Целыми днями слонялся он по деревне, прислушиваясь к разговорам, а однажды во время завтрака позвал Дуншаня к себе и стал выспрашивать:

– Ну, что новенького? Продает Чжан Шуань землю?

– Никто ничего не продает, – отрезал Дуншань.

Отец замолчал, а Дуншань, покончив с едой, ушел.

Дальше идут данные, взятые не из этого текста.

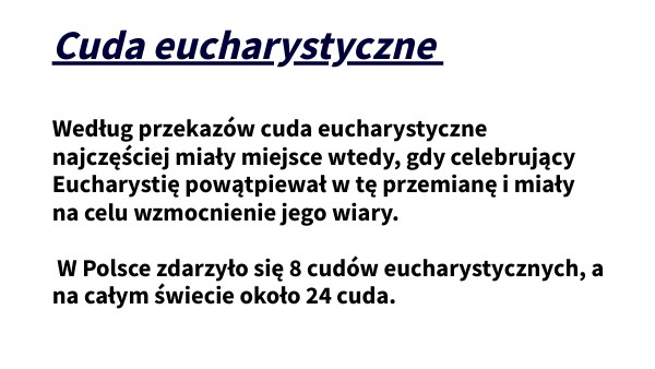 Według przekazów cuda eucharystyczne najczęściej miały miejsce wtedy, gdy celebrujący Eucharystię powątpiewał w tę przemianę i miały na celu wzmocnienie jego wiary. W Polsce zdarzyło się 8 cudów eucharystycznych, a na całym świecie około 24 cuda.
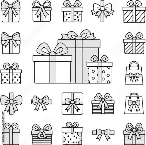 A collection of line art illustrations featuring various gift boxes and shopping bags, each adorned with different bow styles and patterns.

Вернулся он домой поздно ночью. Отец все еще сидел и попыхивал трубкой. Мать рядом дремала.

– Тебя искал какой‑то человек из района. Ты видел его? – спросил Лаодин у сына.

– Видел, – ответил Дуншань.

Он хотел еще что‑то добавить, но передумал. А Лаодин с нетерпением дожидался сына. Он все же решил посоветоваться с ним относительно покупки земли. Дуншань – парень с норовом, но молод еще, и постепенно его можно урезонить.

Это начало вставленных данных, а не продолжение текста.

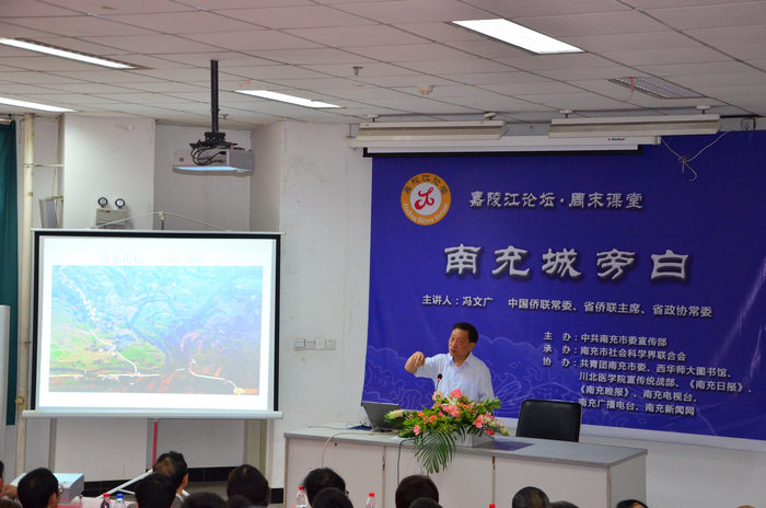 4月28日下午,在我校顺庆校区一教楼101教室,由南充市委宣传部主办,南充市社会科学界联合会承办,我校宣传统战部等单位协办的“嘉陵江论坛 周末课堂”报告会在此隆重举行。中国侨联常委、四川省侨联主席、四川省政协常委、我校原党委书记冯文广教授做客“嘉陵江论坛 周末课堂”,为广大市民朋友及在校学子带来了一场题为 《南充城旁白》的精彩讲座。

На какое‑то время в комнате воцарилось молчание. Потом Лаодин снова заговорил.

– Видел нынче Ван Лаосаня, – заметил он как бы невзначай. – Он говорит, что Чжан Шуань твердо решил продать свой «флажок». Я уже вдоль и поперек его исходил – чистый чернозем. При хорошем дождичке и навоза не потребуется.

Лаодин жадно затянулся и продолжал:

– Этот участок достался Чжан Шуаню во время земельной реформы. Мог бы достаться и нам. Но активистам не пристало спорить из‑за какого‑то клочка земли. – Он взглянул на Дуншаня и добавил: – Каждый му земли – великое дело для нашего брата крестьянина!

Дуншань знал наперед, что скажет отец, и уже собирался ответить, но Лаодин, вздохнув, продолжал:

– На что мне деньги? Они останутся вам с братом. Не вечно же мне жить!

– Говорю тебе, что Чжан Шуань ничего не собирается продавать. Ван Лаосань врет, а ты слушаешь, – засмеялся Дуншань.

– Не собирается! – усмехнулся Лаодин. – Этак, пожалуй, ему никогда не расплатиться с долгами!

– Какие там у него долги! – возразил Дуншань. – Я непременно поговорю с ним на днях. Продать землю – это не выход из положения, – что, у Чжан Шуаня пятьдесят или хотя бы тридцать му земли? Десяти и то нет. Допустим, он их продаст, а дальше что будет делать? Чжан Шуань был таким же бедняком, как и мы. И сейчас, когда он попал в беду, ему надо помочь. А ты хочешь у него купить землю!

Старик слышал толки односельчан о том, что раз Дуншань коммунист, он‑де не имеет права покупать землю и давать деньги в долг. Потому, видимо, он и боится. Едва дослушав сына, Лаодин с досадой возразил:

– Почему же не купить! Не купим мы – купят другие! Вспомни историю о том, как Чжоу Юй ударил Хуан Гая[13]. Все произошло по доброй воле и с обоюдного согласия. Так и с землей – один продает, другой покупает. Мы же не занимаемся вымогательством, не злоупотребляем твоим положением члена партии. Отчего же нам не купить землю?

Ничего подобного Дуншань не ожидал от старика и воскликнул:

– Ты что говоришь, отец! Конечно, продажа земли – личное дело каждого. Но Чжан Шуаню лучше не продавать землю. Ведь ему надо всего‑навсего несколько сот тысяч юаней. Мы не можем безучастно смотреть, как разоряются люди. Я обещал одолжить ему пятьсот тысяч юаней...

– Когда это вы столковались? – перебил сына Лаодин, в упор глядя на него налившимися кровью глазами.

– Сегодня, – ответил Дуншань.

Лаодин вскочил с места. Лицо его побагровело, жилы на шее вздулись.

– Эти деньги заработал Дунлинь, а не ты! – в бешенстве закричал он. – Он, видите ли, обещал одолжить! Может, ты и меня с матерью в долг отдашь?!

Старик схватил куртку и выбежал из дому. От шума проснулась мать.

– У твоей сестры скоро свадьба! – с укором произнесла она. – Надо сделать кое‑какие покупки. Я так просила денег у отца, так просила... Не дал. Все на землю копит. Чего же ты к нему пристаешь?

 

 

Ничего необычного не было в том, что отец с сыном повздорили, но Сюлань, жена Дуншаня, заволновалась и выскочила во двор, чтобы уговорить свекра вернуться домой.

– Не пойду, здесь посижу немного! – буркнул он и уже более мирным тоном добавил: – Не поднимай шума на всю деревню.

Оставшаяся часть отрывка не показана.